Chicago aldermen, Mayor Brandon Johnson and other elected officials have arrived at the autumn moment of truth to decide whether to accept annual raises tied to inflation.
Largely free from the political danger they faced last fall of giving themselves historically huge pay hikes as they headed into elections, considerably more council members are set to accept the pay bump in 2024.
Just two of Chicago’s 50 aldermen have officially said no thanks to the relatively modest 2024 bumps of 2.24%, according to records the Tribune received through an open records request.
Near South Side Ald. Byron Sigcho-Lopez, 25th, and Northwest Side Ald. Rossana Rodriguez-Sanchez, 33rd, both progressives on the council, were the only two members to officially reject the money by a Sept. 15 deadline, according to the city Budget Office. The percentage of the raise is based on the consumer price index, which has recently slowed its ascent.
Compare that with last year, when 17 aldermen turned down a massive 9.6% increase for their 2023 checks, as inflation was skyrocketing and many of them were just months from reelection contests where potential opponents would have had a ready-made cudgel to try to punish them with voters.
The top-paid aldermen who accept the raises for 2024 will see their salaries go up by $3,190 to about $145,970. For 2023, the highest earners on the council who took the raises made an additional $12,530 each.
Johnson, city Treasurer Melissa Conyears-Ervin and Clerk Anna Valencia are for the first time also in line for automatic pay bumps starting Jan. 1 thanks to a provision included by then-Mayor Lori Lightfoot in the 2023 budget.
None of them has so far opted out of the raises, according to the Budget Office.
Johnson’s salary would go up more than $4,800, to $221,053. That would be the first pay increase for the Chicago mayor since Mayor Richard M. Daley gave himself a raise in 2006.
If Valencia and Conyears-Ervin accept the raise, they’ll each make $164,622 next year.
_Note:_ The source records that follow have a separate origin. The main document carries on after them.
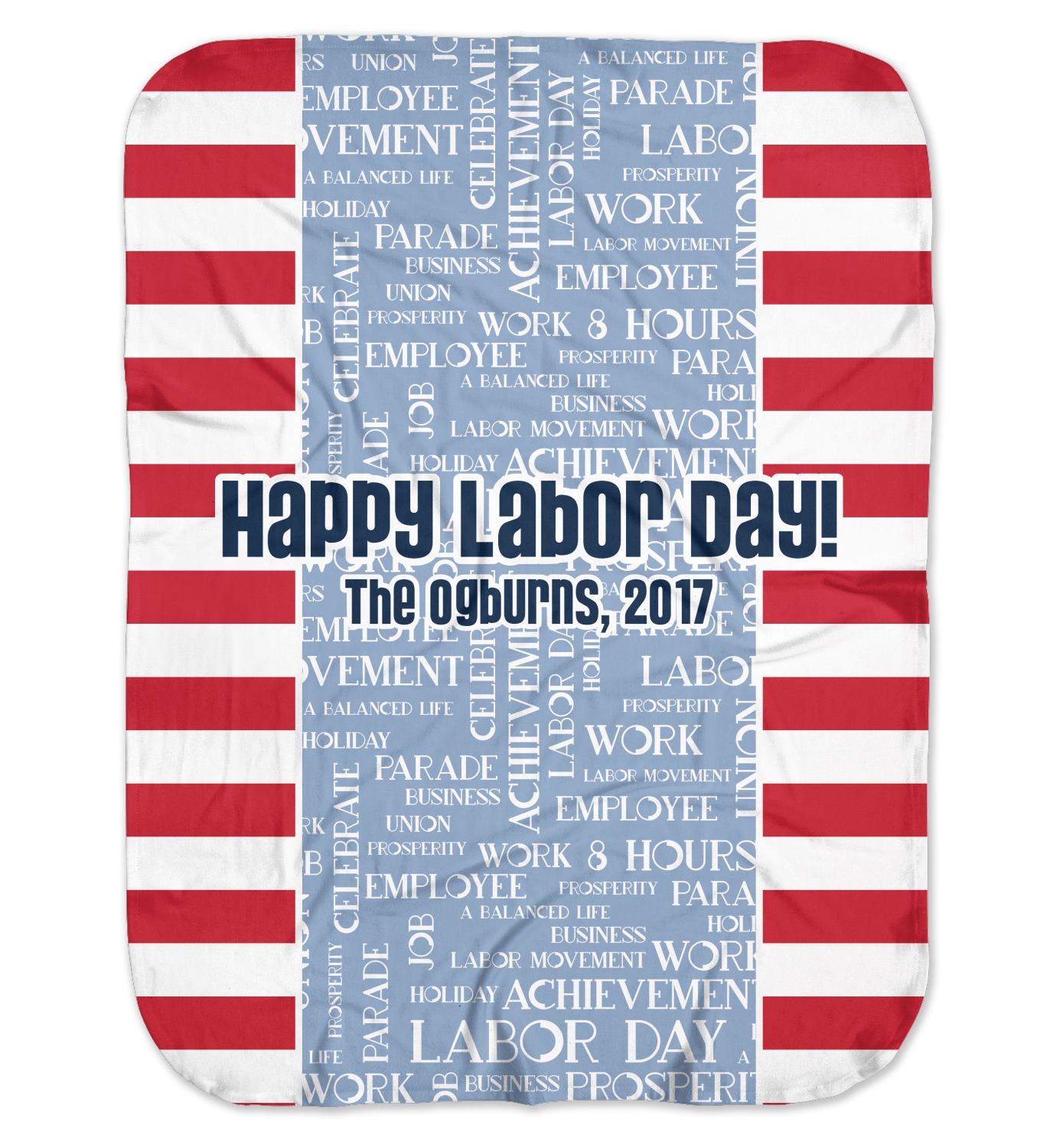A fun red, white, and blue Labor Day badge is used in the coordinating part of the design. There are two different kinds of fonts used. One in the word cloud and one used in the personalization.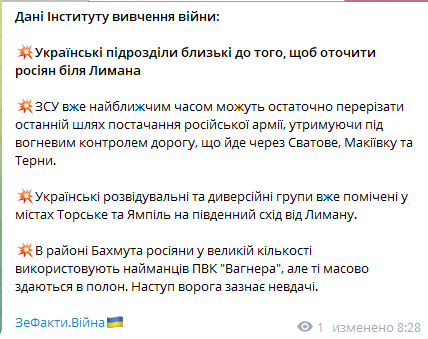 Спільнота, посилаючись на низку інформаційних ресурсів, зазначає, що 20 вересня біля Бахмута було ліквідовано 41-річного командира штурмового загону ПВК "Вагнера" Олексія Нагіна - "Терека".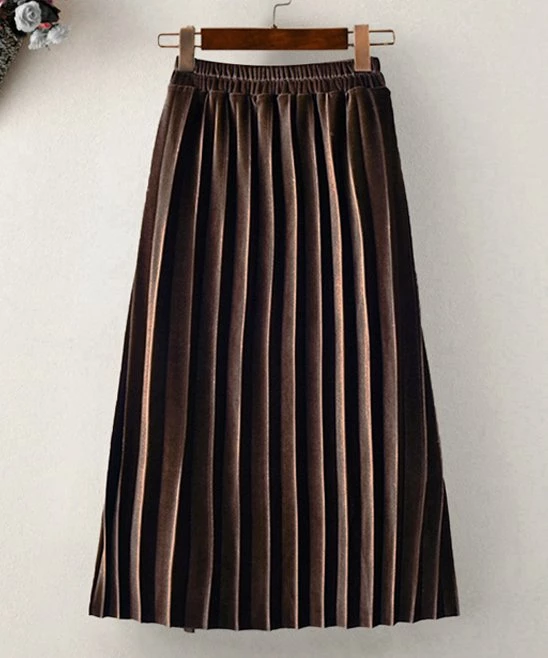 Elevate their look with this pleated maxi skirt crafted with soft velvet fabric.

Aldermen and Johnson do face the task this fall of closing a 2024 budget deficit the new mayor has pegged at over $500 million, which could make them targets for residents’ ire if they raise taxes and fees to balance the books while also giving themselves salary bumps. But they may bet voters won’t remember it if they are on the next municipal election ballot in 2027.
In years past, City Hall released information to the public about which aldermen had decided by a predetermined September deadline to opt out of the raises.
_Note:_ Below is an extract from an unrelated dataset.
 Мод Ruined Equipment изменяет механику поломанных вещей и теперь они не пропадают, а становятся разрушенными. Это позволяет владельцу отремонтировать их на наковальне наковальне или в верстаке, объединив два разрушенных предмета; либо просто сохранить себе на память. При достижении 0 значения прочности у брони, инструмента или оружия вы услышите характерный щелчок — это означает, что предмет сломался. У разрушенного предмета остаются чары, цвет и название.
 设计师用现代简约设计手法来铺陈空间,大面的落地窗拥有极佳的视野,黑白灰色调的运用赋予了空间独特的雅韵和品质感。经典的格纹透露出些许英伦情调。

But the Johnson administration initially declined to do so this fall. Instead, the Budget Office released a statement that said, in part, “Details of each elected official’s selection will be made available in the budget to be released by the Mayor to City Council in mid-October.”
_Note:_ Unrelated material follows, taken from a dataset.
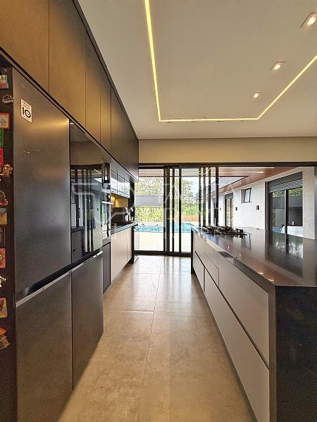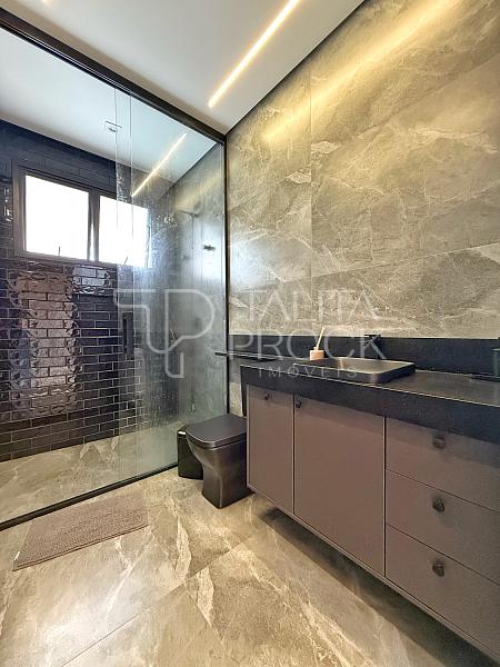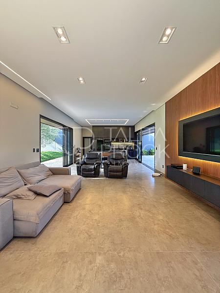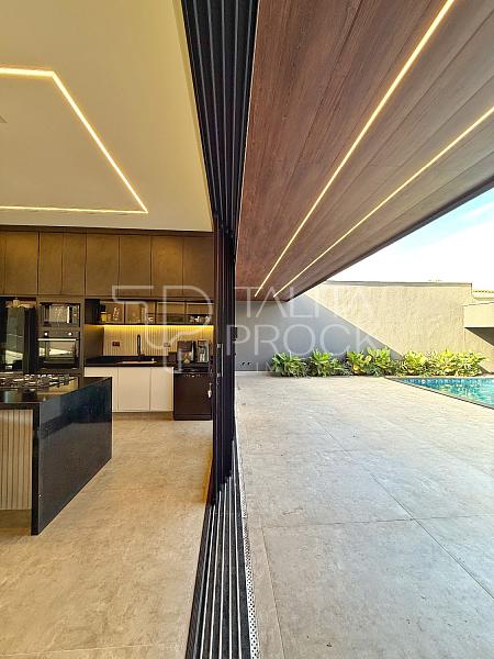 • Portas e esquadrias em alumínio linha Gold, com vidro e persianas automatizadas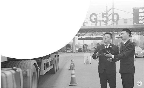 图②:2024年3月,重庆市江北区检察院检察官在高速公路出入口了解物流车辆缴费情况。

“Just like all items in the Mayor’s budget recommendation, City Council members have the opportunity to propose amendments for consideration by the full body, with salary and wage determinations made final once the budget is passed and appropriated,” the statement said.
So council members or Johnson could still announce over the next few months of the budget negotiations that they plan to forgo the raises, as aldermen have in years past.
Amid the outcry last year over the raises of nearly 10% for aldermen, members of the council introduced measures that would cap annual council salary bumps at 5%, freeze their salaries or reduce them. None of those proposals gained traction with the full 50-member body.